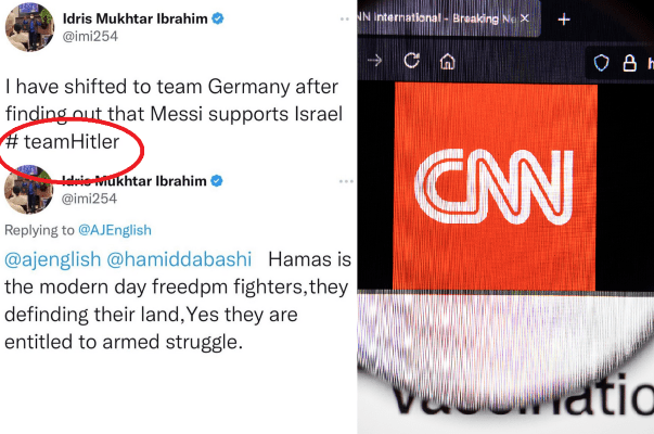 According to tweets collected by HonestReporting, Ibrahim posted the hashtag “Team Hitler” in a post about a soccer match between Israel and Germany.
☆ ☆ ☆ ☆ ☆ ☆ ☆
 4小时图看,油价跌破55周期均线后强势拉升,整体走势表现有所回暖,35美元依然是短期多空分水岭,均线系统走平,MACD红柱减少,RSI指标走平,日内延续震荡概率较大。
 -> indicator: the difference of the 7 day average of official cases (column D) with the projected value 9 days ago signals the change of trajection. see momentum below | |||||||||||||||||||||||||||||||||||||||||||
☆ ☆ ☆ ☆ ☆ ☆ ☆
Which lines above run from the one containing "4小时图看,油价跌破55周期" down to the one containing "-> indicator: the"? Repeat exactly those, both ends included, and nothing else.

» **RESULT FOR THIS TASK**:
 4小时图看,油价跌破55周期均线后强势拉升,整体走势表现有所回暖,35美元依然是短期多空分水岭,均线系统走平,MACD红柱减少,RSI指标走平,日内延续震荡概率较大。
 -> indicator: the difference of the 7 day average of official cases (column D) with the projected value 9 days ago signals the change of trajection. see momentum below | |||||||||||||||||||||||||||||||||||||||||||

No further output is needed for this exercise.